601 East 14th Street, Sedalia, Missouri 65301 (660) 826-8833
The countdown is complete and the Tobacco Free deadline has arrived. The use of tobacco products has been eliminated on all health center property.
The tobacco restriction includes, in Sedalia, the main health center campus, on 14th Street, as well as Bothwell OB/GYN Clinic at 1718 South Ingram, Bothwell Medical Equipment located at 501 East 17th Street, Bothwell Diagnostic Center-Winchester at 10th and Winchester Street, and Bothwell Home Health and Hospice in the Thompson Hills Shopping Center. Included in the tobacco restriction are the health centers clinic buildings and property located in Cole Camp, Warsaw and Windsor.
In conjunction with BRHC and its clinics, many of the doctor offices in Sedalia and the surrounding communities received a packet of materials to help with the tobacco free initiative. These packets contained posters, table tents and reminder cards for visitors of each office.
According to the American Lung Association, cigarette smoking is the number one source of preventable morbidity and premature mortality worldwide. Smoking is responsible for approximately one in five deaths in the United States. Even more alarming, each year in Missouri, 32,500 children under 18 will try cigarettes for the first time 89 kids each day.
Because our state has done little to curb smoking among children, Missouri has one of the highest rates of teen smoking in the country. Missouri ranks last in the nation in funding smoking prevention programs. Because it was not required, the states $1 billion settlement from the class action lawsuit against the tobacco industry was not used to fund smoking prevention programs. Consequently, the number of children who try tobacco in our state continues to rise every day.
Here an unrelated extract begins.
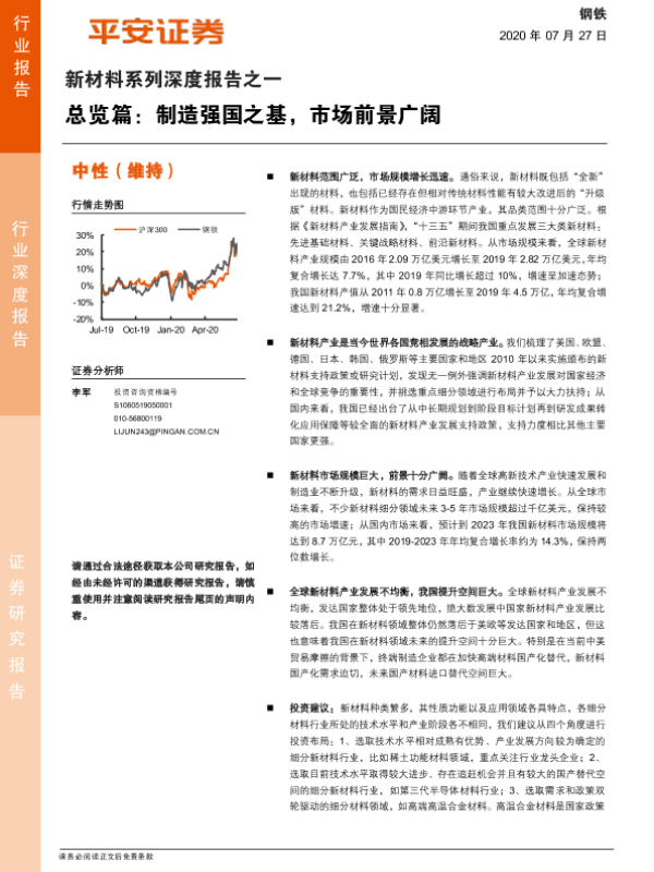 【平安证券】【20200727】20200727-平安证券-新材料系列深度报告之一:总览篇:制造强国之基,市场前景广阔-17页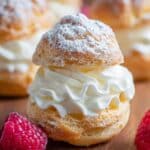 This classic Cream Puffs recipe features light and airy choux pastry filled with rich, fluffy whipped cream and optional fresh raspberries. Perfect for an elegant dessert or special occasion treat, these delicate puffs are baked until golden and crisp, then filled with sweet vanilla whipped cream and dusted with powdered sugar. Learn how to make the pastry from scratch, pipe perfect rounds, and create a luscious filling for an impressive homemade dessert.

An issue to help curb smoking among our youth will be on the ballot in November. This measure will increase the states cigarette tax by 80 cents per pack. Proceeds from this tax will fund $61 million dollars for smoking prevention and cessation programs in Missouri.
Missouri has the second lowest tobacco tax (only South Carolina has a per pack tax) in the nation on its tobacco tax. The U.S. Surgeon General strongly believes that raising the price of tobacco and implementing an effective prevention program is the best way to stop our youth from starting to smoke. Studies from other states indicate that for every ten percent increase in the price of cigarettes, seven percent of our youth would quit smoking.